= Subhash Chandra–LIC Housing Finance loan fraud case =

Financial fraud in India

Subhash Chandra–LIC Housing Finance loan fraud case is a major financial scandal in India involving the diversion of bank loans and money laundering by Subhash Chandra, the promoter of Essel Group.

== Background ==
On 31 August 2026, LIC Housing Finance (LICHFL) filed a complaint with the Central Bureau of Investigation against Subhash Chandra and others. The complaint alleges cheating, criminal conspiracy and criminal breach of trust in connection with two loans issued in 2018, together worth ₹980 crore. With interest, the alleged loss was later put at around ₹1322 crore. The main allegation is that inflated net-worth certificates were used to secure the loans, including one that valued Chandra’s net worth in 2017 at about ₹59113 crore. The loans later went into default. During his personal insolvency proceedings, Chandra reported a much lower net worth.

== Investigation ==
In a first information report filed on August 31, the CBI named Chandra as accused number 1, along with three companies, two individuals and other unknown persons. The case involves two loans given by LICHF to Vasant Sagar Properties Pvt Ltd and Digital Subscriber Management and Consultancy Services Pvt Ltd. Chandra had provided personal guarantees for both loans.

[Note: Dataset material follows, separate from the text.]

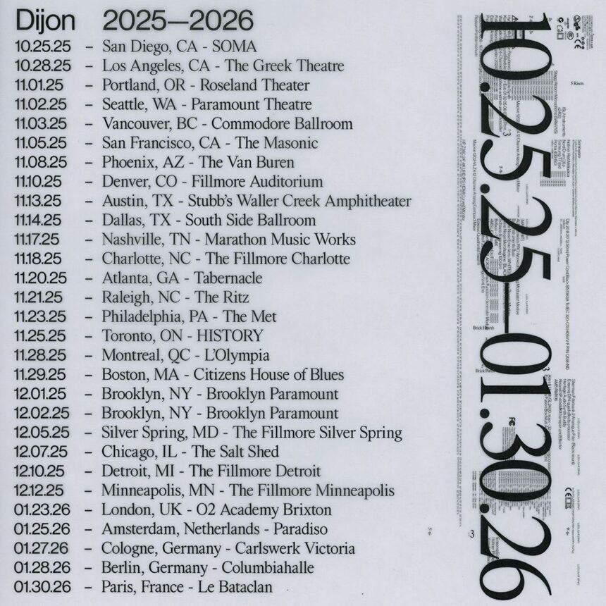 Dijon has announced a tour of North America and Europe behind new album Baby. A North American run kicks off in San Diego on October 25, taking in a number of West Coast cities before moving inland and heading East—including two nights at Brooklyn Paramount—through the remainder of the year. A European stint follows in January 2026, with dates in England, the Netherlands, Germany, and France. Check out the itinerary below.

LICHF said the ₹500 crore loan to Vasant Sagar Properties and the ₹480 crore loan to Digital Subscriber Management were approved based on net-worth certificates submitted by Chandra in 2018. He claimed a net worth of ₹59113 crore as of March 2017 for one loan and ₹40562 crore for the other. Both loans later defaulted, with the alleged loss to LICHFL reaching ₹1,322 crore. During insolvency proceedings, however, Chandra said his net worth in 2024 was only ₹31.79 crore and that it had never exceeded ₹40,000 crore even in 2017–18.

Also, LICHF has alleged that Chandra and the other accused acted together to deceive the company by using false or inflated net-worth documents to obtain the loans. It also alleged that the borrower companies misused the funds and warned that some of the accused could leave India. As of September 2026, CBI is investigating whether Chandra had misrepresented his financial position either when obtaining the loans or later during the insolvency proceedings.